Но вскоре выясняется, что переменилось очень многое. Оказывается, смерть — это все-таки дело нешуточное.
Они теперь больше не живут. Они сидят на лавке перед своим домом, неподвижные, погруженные в глубокий сон.
Но стоит только кому-нибудь из живых про них вспомнить, они тотчас же пробуждаются, расправляют затекшие мускулы, открывают глаза... К ним возвращается жизнь. К сожалению, только на время. До той поры, пока их живые дети, или внуки, или правнуки, или другие близкие люди, оставшиеся там, на земле, снова про них не вспомнят.
Вот почему эта местность, в которой они обитают, называется не раем, не царствием небесным, а просто Страной Воспоминаний.

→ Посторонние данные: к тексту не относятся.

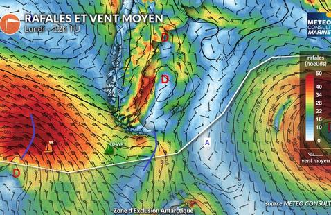 Les dépressions très creuses qui se succèdent dans cette région rendent les conditions de vent et de mer très particulièrement compliqués. Les skippers doivent jongler entre des vents violents avec de soudains changements de direction, imposant une vigilance permanente. De plus, la faible luminosité, due aux fréquents ciels nuageux, accentue la fatigue visuelle et mentale. Les grains, accompagnés de fortes précipitations, peuvent réduire la visibilité à quelques centaines de mètres, rendant ce passage encore plus intimidant.
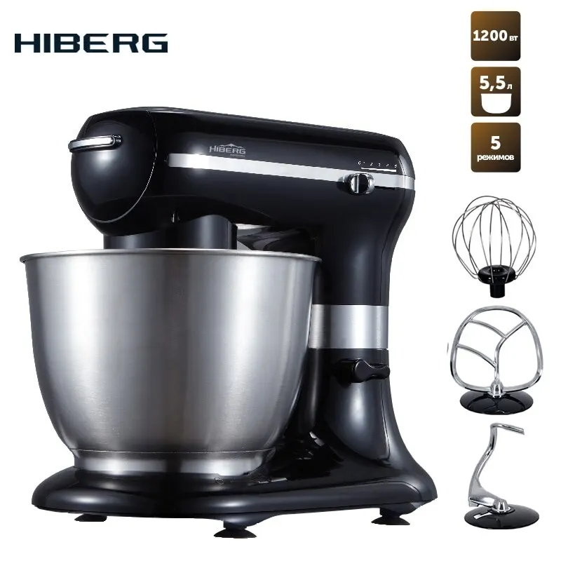 Миксер планетарный HIBERG MP 1255 B 1200 Вт чаша 5.5 л из нержавеющей стали 5 скоростей крюк лопатка венчик крышка

Очень ясная, глубоко человечная и мудрая мысль лежит в основе этой простой аллегории. Люди, ушедшие от нас навеки, — не мертвы. Они живы. Живы и будут жить до тех пор, пока будет жить на земле хоть один человек, который их помнит.
О том же и почти в тех же выражениях говорил Пушкин:
Нет, весь я не умру — душа в заветной лире
Мой прах переживет и тленья убежит —
И славен буду я, доколь в подлунном мире
Жив будет хоть один пиит.
Но вот что странно. Почему Пушкин говорит, что он не умрет до тех пор, пока на земле будет жив хоть один пиит, то есть поэт? Казалось бы, правильнее было бы, если б он сказал, что будет жить до тех пор, пока на земле останется хоть один читатель! Тем более, что в том же стихотворении «Памятник» есть и такие строки:
Слух обо мне пройдет по всей Руси великой,
И назовет меня всяк сущий в ней язык,
И гордый внук славян, и финн, и ныне дикой
Тунгус, и друг степей калмык.
Но Пушкин не оговорился. Он сказал именно то, что хотел сказать.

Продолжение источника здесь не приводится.